Would you please give the entries again word for word, with no images in your copy?

▸ **Dataset excerpts**
============

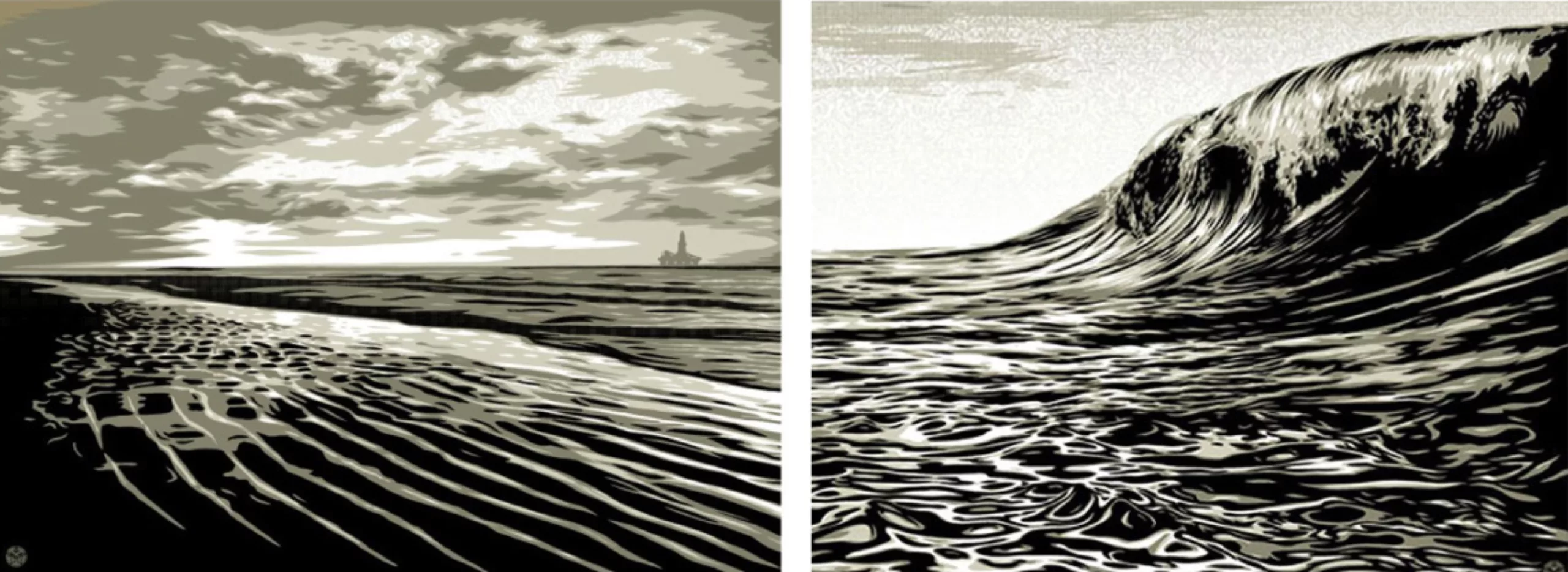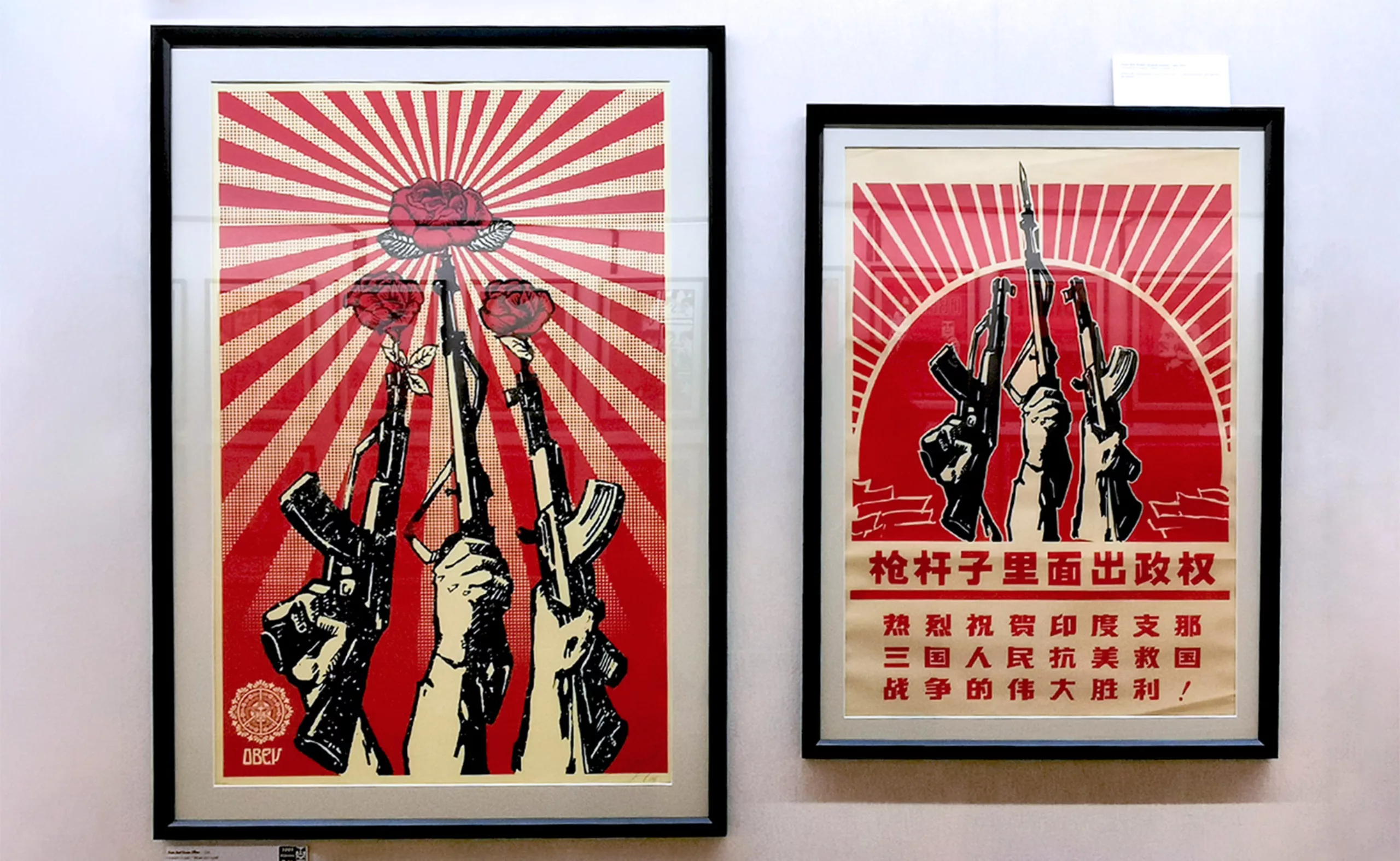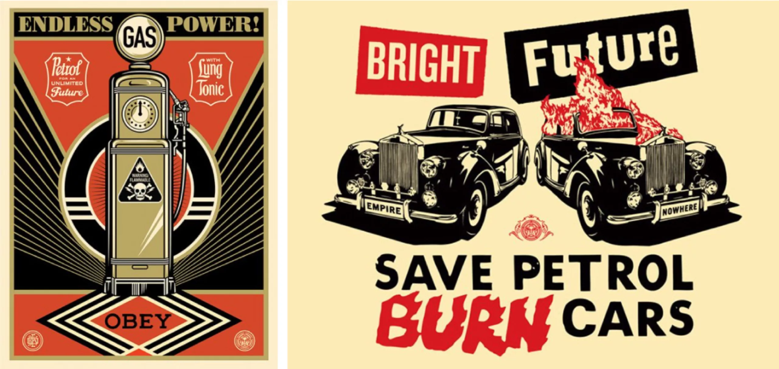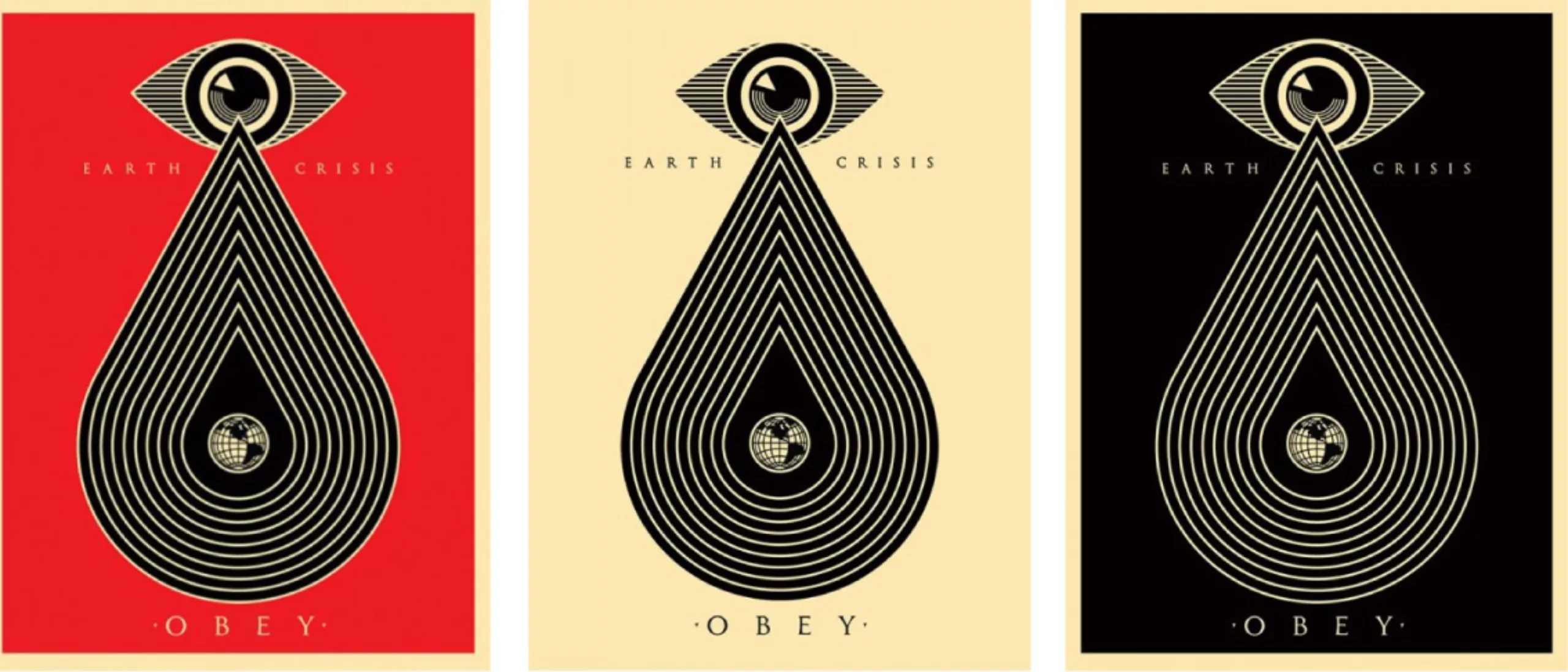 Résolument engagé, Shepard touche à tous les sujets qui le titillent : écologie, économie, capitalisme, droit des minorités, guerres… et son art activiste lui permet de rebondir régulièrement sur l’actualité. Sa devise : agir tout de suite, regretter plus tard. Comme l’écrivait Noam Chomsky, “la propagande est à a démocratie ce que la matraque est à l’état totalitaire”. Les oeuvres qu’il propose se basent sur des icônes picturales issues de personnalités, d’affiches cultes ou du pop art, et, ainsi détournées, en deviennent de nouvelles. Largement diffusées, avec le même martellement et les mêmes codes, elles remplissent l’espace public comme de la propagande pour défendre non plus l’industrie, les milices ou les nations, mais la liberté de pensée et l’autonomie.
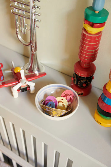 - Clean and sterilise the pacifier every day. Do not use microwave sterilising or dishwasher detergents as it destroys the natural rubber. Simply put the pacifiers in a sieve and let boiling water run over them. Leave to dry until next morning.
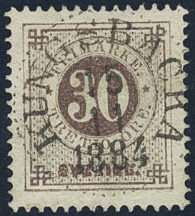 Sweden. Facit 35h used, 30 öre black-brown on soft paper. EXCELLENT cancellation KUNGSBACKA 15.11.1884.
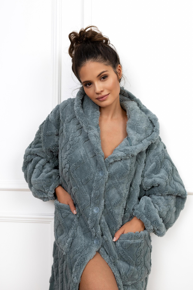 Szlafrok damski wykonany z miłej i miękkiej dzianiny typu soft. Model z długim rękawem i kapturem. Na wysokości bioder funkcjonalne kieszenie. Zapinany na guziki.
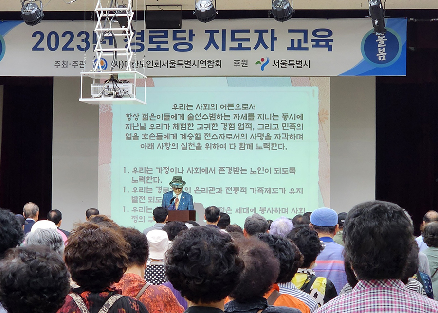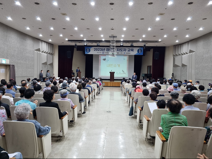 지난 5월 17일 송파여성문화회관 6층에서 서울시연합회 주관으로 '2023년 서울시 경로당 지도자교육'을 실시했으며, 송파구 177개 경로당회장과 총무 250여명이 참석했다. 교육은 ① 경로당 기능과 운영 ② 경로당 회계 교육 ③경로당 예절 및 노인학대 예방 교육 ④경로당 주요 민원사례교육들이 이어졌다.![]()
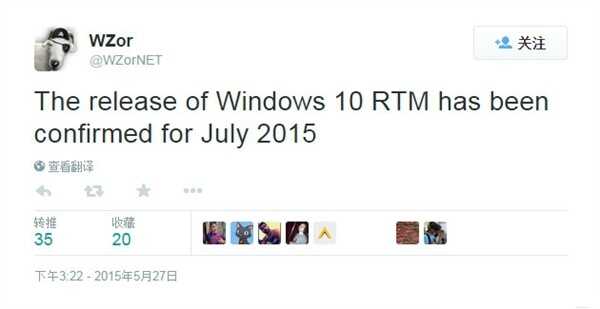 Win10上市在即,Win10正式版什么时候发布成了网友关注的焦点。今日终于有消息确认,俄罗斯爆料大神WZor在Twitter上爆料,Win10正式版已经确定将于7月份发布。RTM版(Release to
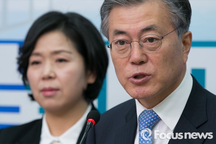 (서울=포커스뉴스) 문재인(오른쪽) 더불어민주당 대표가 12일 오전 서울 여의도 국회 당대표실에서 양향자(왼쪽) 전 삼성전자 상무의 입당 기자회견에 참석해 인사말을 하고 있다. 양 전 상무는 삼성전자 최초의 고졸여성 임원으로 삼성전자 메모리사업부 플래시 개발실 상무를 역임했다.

============

▸ **Answer to this exercise**
 Résolument engagé, Shepard touche à tous les sujets qui le titillent : écologie, économie, capitalisme, droit des minorités, guerres… et son art activiste lui permet de rebondir régulièrement sur l’actualité. Sa devise : agir tout de suite, regretter plus tard. Comme l’écrivait Noam Chomsky, “la propagande est à a démocratie ce que la matraque est à l’état totalitaire”. Les oeuvres qu’il propose se basent sur des icônes picturales issues de personnalités, d’affiches cultes ou du pop art, et, ainsi détournées, en deviennent de nouvelles. Largement diffusées, avec le même martellement et les mêmes codes, elles remplissent l’espace public comme de la propagande pour défendre non plus l’industrie, les milices ou les nations, mais la liberté de pensée et l’autonomie.
 - Clean and sterilise the pacifier every day. Do not use microwave sterilising or dishwasher detergents as it destroys the natural rubber. Simply put the pacifiers in a sieve and let boiling water run over them. Leave to dry until next morning.
 Sweden. Facit 35h used, 30 öre black-brown on soft paper. EXCELLENT cancellation KUNGSBACKA 15.11.1884.
 Szlafrok damski wykonany z miłej i miękkiej dzianiny typu soft. Model z długim rękawem i kapturem. Na wysokości bioder funkcjonalne kieszenie. Zapinany na guziki.
 지난 5월 17일 송파여성문화회관 6층에서 서울시연합회 주관으로 '2023년 서울시 경로당 지도자교육'을 실시했으며, 송파구 177개 경로당회장과 총무 250여명이 참석했다. 교육은 ① 경로당 기능과 운영 ② 경로당 회계 교육 ③경로당 예절 및 노인학대 예방 교육 ④경로당 주요 민원사례교육들이 이어졌다.![]()
 Win10上市在即,Win10正式版什么时候发布成了网友关注的焦点。今日终于有消息确认,俄罗斯爆料大神WZor在Twitter上爆料,Win10正式版已经确定将于7月份发布。RTM版(Release to
 (서울=포커스뉴스) 문재인(오른쪽) 더불어민주당 대표가 12일 오전 서울 여의도 국회 당대표실에서 양향자(왼쪽) 전 삼성전자 상무의 입당 기자회견에 참석해 인사말을 하고 있다. 양 전 상무는 삼성전자 최초의 고졸여성 임원으로 삼성전자 메모리사업부 플래시 개발실 상무를 역임했다.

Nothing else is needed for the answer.